Welcome to the Wednesday, Nov. 4, Brew. Here’s what’s in store for you as you start your day:

  1. Where elections stand
  2. Don’t miss today’s elections results webinar

Where elections stand

Good morning. For some of us, it was a late night. For others, a very early morning. Either way, the sun came up, we got our kids ready for the day, and now it is time for some election results. Regardless of how you are beginning your day (or, maybe ending it), we hope we can be here to help you make sense of the state of election results.

All results in this email are as of 5:30 a.m. EST.

In states across the country, results continue to be tabulated.

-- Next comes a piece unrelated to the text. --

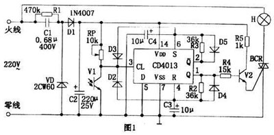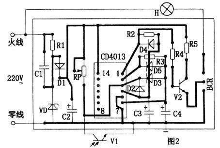 | 选择分类:当前分类——套件实验 相关联或者相类似的文章: 51单片机 Keil C 延时程序的简单研究(483) 基础知识 之 实用电子电路入门(一)(481) BA1404调频发射模块(481) 给想学单片机的同学们(480) 不要太晚睡...?(480) 论教师职业道德建设的四大机制(479) 转载收藏——如何应对AVR芯片容易被破解!(479) USB接口在串行通信中的应用(479) 315M遥控电路设计(479) C1970与C1971的区别 (478) 假网站伪造银行网站专套储户密码(478) 用BA1404制作无线话筒(477) 用AT89C2051设计的多功能密码锁 (476) ss570122的雕刻机制作过程(6)(476) 制订计划学习法(推荐)(475) 一种简单串行鼠标控制的单片机实现(475) 串联型稳压电源(475) 电视机常用名词中英文对照(下)(473) LED滚动显示屏简介(473) 有关器官捐赠的三则新闻(472) 首页 前页 后页 尾页 本站推荐: | 电子实验套件如何接6V电源 在些施工单位将建筑材料成建筑垃圾堆放在人行道上(有公安部门颁发的暂时许可证),但在晚上由于缺乏照明,很多行人为之摔跤。本文介绍的这种路障照明灯,白天不工作,夜晚自动工作,方便了行路人。 1、电路工作原理 ![]() 该照明灯电路如图1所示。C1、C2、D1、VD组成电容降压式半波整波滤电路,在C2两端得稳定的12V直流电源供电路使用。IC是一只D型触发器,与R2、C3及R3、R4、D2、D3构成一个可控自激多谐振荡器。当其触输入端CL为低电平时,由于二极管D2、D3的箝位作用,振荡器停振;当CL端为高电平时,振荡器工作,从Q端输出振荡脉冲,振荡周期T=0.7(R2C3+R3C4)。 V1是光敏三极管,白天有光照射时,V1呈低阻,其集电极电位为低,IC振荡电路不工作,Q端无振荡脉冲输出。晶体管V2不工作,双向可控硅BCR截止,灯泡H不发亮。在夜晚,V1无光线照射呈高阻,其集电极电位为高,IC振荡电路起振,Q端输出振荡脉冲,经V2放大触发BCR导通,灯泡H发出闪光。 2、元件选择与制作 ![]() IC选用双D触发器CD4013(只用其中一只触发器)。V1选用3DU2光敏三极管。V2选用9013等NPN型硅晶体管,β>100。BCR选用3A600V双向可控硅TLC336或TLC386。D2~D5选用IN4148开关二极管。H选用220V,25W或40W红色灯泡。其余元件参数如图1所示。 图2是该电路印制线路板。除V1、H外,全部元件装焊在印制板上。焊接时,要使用电烙铁有良好接地,以免损坏CD4013电路。调节R2、R3阻值,使IC振荡周期为0.5秒,即1秒钟发出2个振荡脉冲。调试时要注意印板上有市有火线,防止触电。调节RP,可调节V1灵敏度. 1、 本站不保证以上观点正确,就算是本站原创作品,本站也不保证内容正确。 2、如果您拥有本文版权,并且不想在本站转载,请书面通知本站立即删除并且向您公开道歉! |

Here are a few quick links before we jump into the results.

  • For a rundown of the official results certification dates, see this article
  • For updates throughout the day today, visit our results hub page at Ballotpedia.org
  • Stay tuned for our next email update later this morning via our Help Desk newsletter. 
  • As a reminder, for details about how recounts and challenges work, check out the information we have compiled on our Election Help Desk.
  • Click here to learn how we decide to call an election. 

Now, let’s get into the projected results. 

Who won the presidency?

Media outlets have not projected a definitive winner. Neither candidate has conceded, with both candidates expressing confidence that the results lean in their favor.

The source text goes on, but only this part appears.